Lady He was from Jurong, then in Danyang Commandery (丹楊, seated in modern Xuancheng, Anhui). Her father He Sui (何遂) was a cavalry soldier in the army of Wu's founding emperor Sun Quan. One day, when Sun Quan was examining the troops, he noticed that she was peeking out and looking at the troops. He found her unusual, and gave her to his son Sun He as a consort. In 242, the same year that Sun He was created crown prince, she gave birth to his eldest son, Sun Hao.
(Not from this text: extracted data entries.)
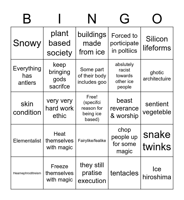 This bingo card has a free space and 24 words: Heat themselves with magic, Freeze themselves with magic, Some part of their body includes goo, Heamephroditreism, Silicon lifeforms, Snowy, Everything has antlers, plant based society, beast reverance & worship, Fairylike/fealike, abslutely racist towards other ice people, skin condition, chop people up for some magic, snake twinks, keep bringing gods sacrifce, tentacles, sentient vegeteble, buildings made from ice, ghotic architectuire, very very hard work ethic, Ice hiroshima, Elementalist, Forced to porticipate in poltiics and they still pratise execution.
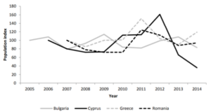 Σχήμα 3. Πληθυσμιακός δείκτης για το τρυγόνι σε Βουλγαρία, Κύπρο, Ελλάδα και Ρουμανία.
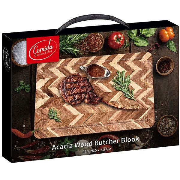 • הדגם החדש "Comida" לוח חיתוך עץ בוצ'ר מהודר ACACIA.
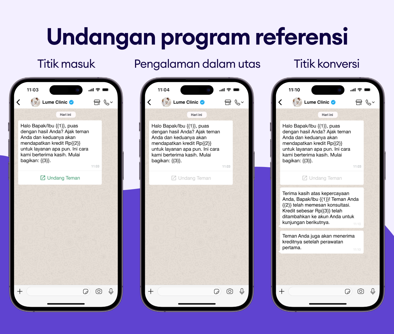 Ajak pasien untuk berbagi dan mendapatkan reward melalui undangan referral via WhatsApp.
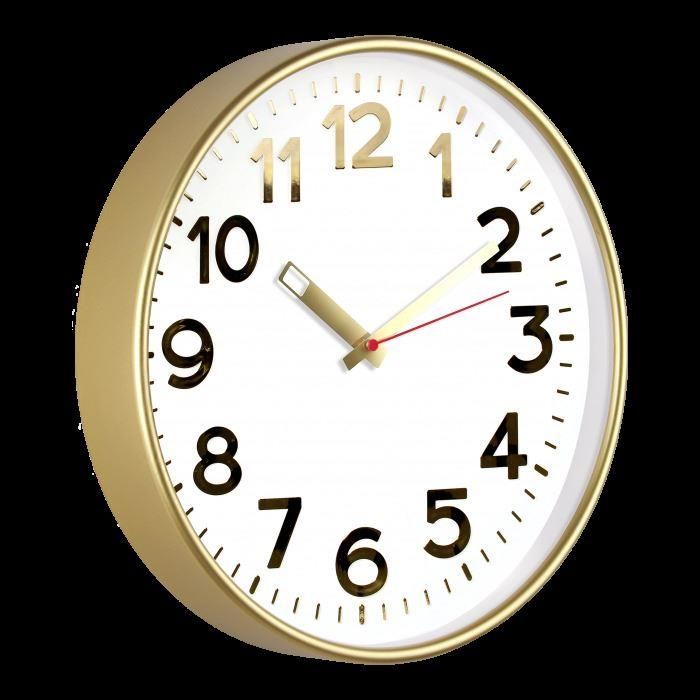 Часы настенные пластиковые, модель 78778781, размер 305*305*50 мм, стекло минеральное, пластиковый обод, цвет-золото, рельефные цифры с тиснением фольгой под золото.
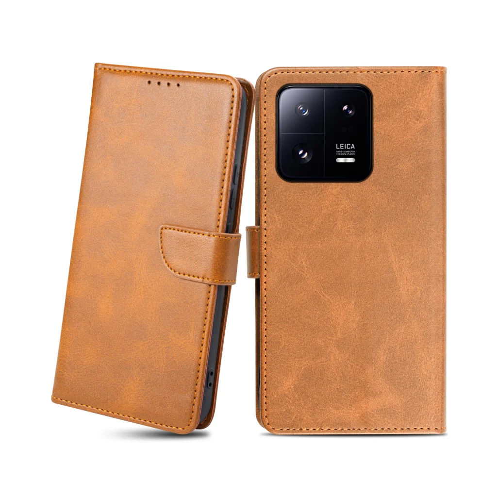 Xiaomi 13 Pro mágneses PU bőr fliptok kártyatartóval világosbarna Alphajack

Sun He, due to the machinations of many powerful people at court, was deposed in 250 and reduced to commoner status. In 252, he was created the Prince of Nanyang, with his princedom at Changsha. However, after Sun Jun became the regent for his brother, the emperor Sun Liang, in 253, Sun Jun forced him to commit suicide. His wife Princess Zhang also committed suicide. When Lady He was offered the opportunity to commit suicide as well, however, she declined — reasoning that someone needed to raise the children, and she was the one who raised Sun Hao and his three younger brothers (by other consorts), Sun De (孫德), Sun Qian (孫謙), and Sun Jun (孫俊 — note different character than the regent).
In 264, after the death of the emperor Sun Xiu, a younger brother of Sun He, the officials Puyang Xing (濮陽興) and Zhang Bu chose Sun Hao to be the emperor. He quickly posthumously honoured Sun He as an emperor and honoured Lady He as the empress dowager. Her family became exceedingly powerful during Sun Hao's reign. There was no record of when she died, and she probably survived to see the collapse of the empire under her son's violent and incompetent reign in 280 and its conquest by the Jin Dynasty, but it is not clear.
- Chen, Shou. Records of the Three Kingdoms (Sanguozhi).
- Pei, Songzhi. Annotations to Records of the Three Kingdoms (Sanguozhi zhu).